Updated

Wal-Mart Stores Inc. (WMT) will pay more than $33 million in back wages to thousands of employees after turning itself in to the Labor Department for paying too little in overtime, according to an agreement announced Thursday by the U.S. Labor Department.

Wal-Mart said the department's review of its overtime calculations also found it had overpaid about 215,000 hourly workers during the last five years. The company said it will not seek to recover any overpayments.

Steven Mandel, associate solicitor in the Labor Department's Fair Labor Standards Division, said the case _ involving nearly 87,000 employees _ resulted from Wal-Mart coming to the department in early 2005 and asking for a review of its overtime calculations.

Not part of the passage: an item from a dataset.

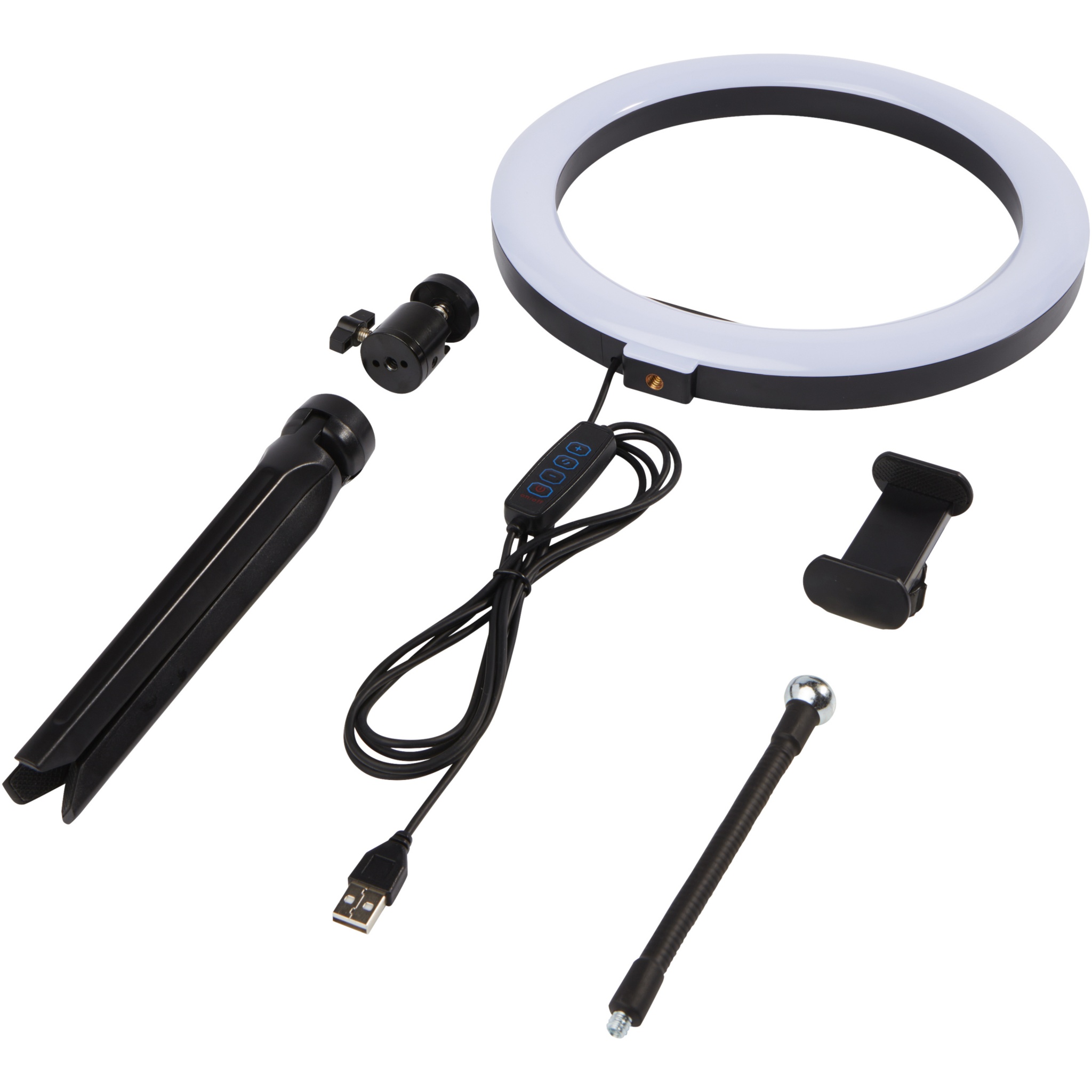 LED-Ringlicht (23 cm) mit Stativständer und Telefonhalterung. Das ideale Gadget für jeden Fotografen/YouTuber/Vlogger/Content-Macher, der regelmäßig Streams oder Sendungen herstellt. Das Ringlicht leuchtet Ihr Gesicht gleichmäßig aus, ohne harte Schatten zu werfen. Die Lampe verfügt über 120 warmweiße LEDs, die in 10 verschiedenen Helligkeitsstufen eingestellt werden können, um das perfekte Licht zu erhalten. Lieferung in einer Avenue Geschenkbox.

"They had some concern that some of the practices were not in compliance" with federal wage laws, he told a conference call for reporters

"It's not particularly unusual for an employer to come to us and talk to us about potential payroll violations," Mandel said.

Wal-Mart said in a statement that the settlement includes no fines or penalties and that it has adopted measures to prevent the errors from occurring again.

Mandel said the settlement was one of the largest ever reached by the department's wage and hour division.

Mandel said the department carried out a national review of all Wal-Mart stores over a two-year period from February 2005 to this year.

The settlement was approved Thursday by a federal judge in the U.S. District Court for western Arkansas, Mandel said.

The highest award to an individual employee was about $39,000, he said.